What you should do:
Of the entries below, return only those lines from the line with "圖3 硬化速率上升以及額外的應變硬化. A" to the line with "오윤아는 폴로티셔츠에 주름치마를 매치한 스타일링으로 눈길을 끌었다.", exactly, both included.

Extracted entries:
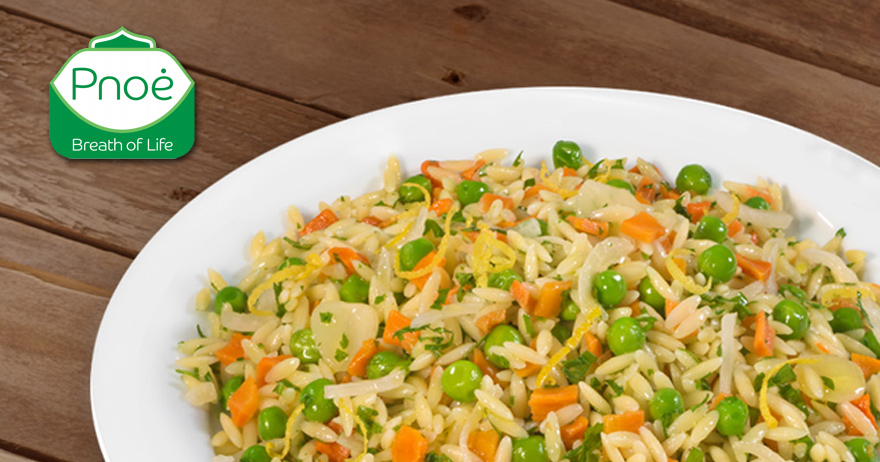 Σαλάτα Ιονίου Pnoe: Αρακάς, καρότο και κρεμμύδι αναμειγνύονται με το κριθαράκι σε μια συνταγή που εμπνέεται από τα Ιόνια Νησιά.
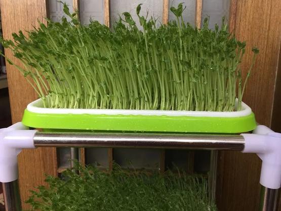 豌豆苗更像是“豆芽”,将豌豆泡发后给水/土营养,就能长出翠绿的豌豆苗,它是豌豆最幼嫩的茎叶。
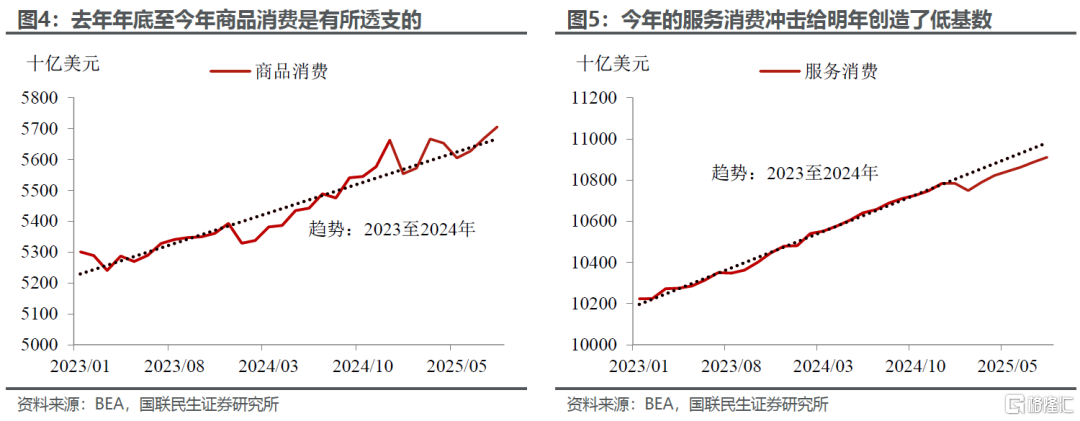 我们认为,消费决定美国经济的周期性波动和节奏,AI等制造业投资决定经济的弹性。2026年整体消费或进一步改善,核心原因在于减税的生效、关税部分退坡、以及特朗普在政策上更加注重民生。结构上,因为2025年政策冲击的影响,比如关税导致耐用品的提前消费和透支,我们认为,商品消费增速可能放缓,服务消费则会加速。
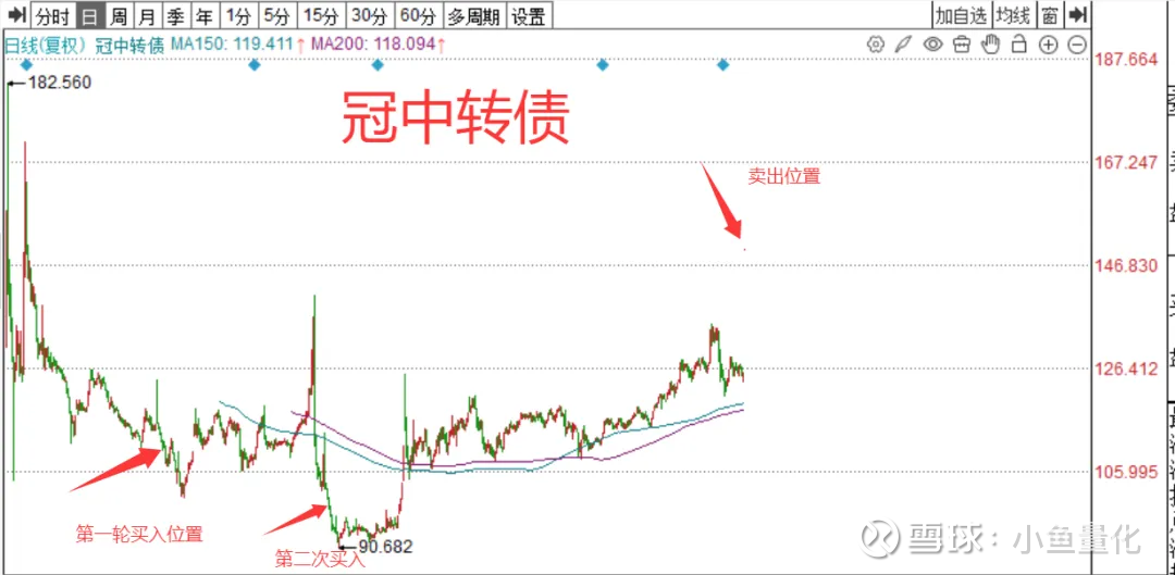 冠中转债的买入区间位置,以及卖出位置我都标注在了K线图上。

* * *

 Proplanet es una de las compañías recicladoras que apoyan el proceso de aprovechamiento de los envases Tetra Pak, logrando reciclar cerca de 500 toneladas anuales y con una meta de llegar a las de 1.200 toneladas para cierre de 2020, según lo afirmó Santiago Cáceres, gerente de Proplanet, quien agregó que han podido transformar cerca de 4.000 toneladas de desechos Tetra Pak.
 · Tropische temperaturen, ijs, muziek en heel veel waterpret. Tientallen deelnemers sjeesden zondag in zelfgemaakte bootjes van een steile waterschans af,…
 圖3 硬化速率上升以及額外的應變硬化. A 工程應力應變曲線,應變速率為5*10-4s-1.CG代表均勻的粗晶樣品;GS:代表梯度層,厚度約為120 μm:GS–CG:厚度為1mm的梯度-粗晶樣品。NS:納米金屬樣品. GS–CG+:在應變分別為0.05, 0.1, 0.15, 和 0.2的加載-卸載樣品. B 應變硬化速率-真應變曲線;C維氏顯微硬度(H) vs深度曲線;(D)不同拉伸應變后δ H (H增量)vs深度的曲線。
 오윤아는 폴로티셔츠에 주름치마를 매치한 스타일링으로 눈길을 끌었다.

--

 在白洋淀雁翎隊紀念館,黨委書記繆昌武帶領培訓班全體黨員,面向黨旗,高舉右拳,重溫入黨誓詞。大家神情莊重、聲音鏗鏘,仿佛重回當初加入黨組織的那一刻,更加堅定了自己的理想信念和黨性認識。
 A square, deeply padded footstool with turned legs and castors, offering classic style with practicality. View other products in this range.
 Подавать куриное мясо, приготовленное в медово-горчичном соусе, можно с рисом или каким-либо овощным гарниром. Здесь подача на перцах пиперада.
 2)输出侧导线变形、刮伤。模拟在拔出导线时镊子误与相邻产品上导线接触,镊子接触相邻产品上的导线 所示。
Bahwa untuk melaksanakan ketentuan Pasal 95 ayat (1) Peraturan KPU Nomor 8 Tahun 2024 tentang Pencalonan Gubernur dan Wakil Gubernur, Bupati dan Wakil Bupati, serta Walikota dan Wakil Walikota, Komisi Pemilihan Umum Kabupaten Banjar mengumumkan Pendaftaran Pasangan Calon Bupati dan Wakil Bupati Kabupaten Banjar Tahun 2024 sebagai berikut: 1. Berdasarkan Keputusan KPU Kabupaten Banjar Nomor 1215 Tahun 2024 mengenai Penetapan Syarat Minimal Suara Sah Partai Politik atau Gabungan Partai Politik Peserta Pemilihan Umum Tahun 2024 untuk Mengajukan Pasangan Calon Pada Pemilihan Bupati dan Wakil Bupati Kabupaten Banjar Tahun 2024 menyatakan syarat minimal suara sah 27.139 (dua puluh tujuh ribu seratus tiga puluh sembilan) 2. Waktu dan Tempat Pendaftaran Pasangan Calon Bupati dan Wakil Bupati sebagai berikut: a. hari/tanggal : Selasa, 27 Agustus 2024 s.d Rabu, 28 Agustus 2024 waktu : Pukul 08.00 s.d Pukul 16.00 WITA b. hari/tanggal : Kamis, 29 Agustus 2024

The answer:
 圖3 硬化速率上升以及額外的應變硬化. A 工程應力應變曲線,應變速率為5*10-4s-1.CG代表均勻的粗晶樣品;GS:代表梯度層,厚度約為120 μm:GS–CG:厚度為1mm的梯度-粗晶樣品。NS:納米金屬樣品. GS–CG+:在應變分別為0.05, 0.1, 0.15, 和 0.2的加載-卸載樣品. B 應變硬化速率-真應變曲線;C維氏顯微硬度(H) vs深度曲線;(D)不同拉伸應變后δ H (H增量)vs深度的曲線。
 오윤아는 폴로티셔츠에 주름치마를 매치한 스타일링으로 눈길을 끌었다.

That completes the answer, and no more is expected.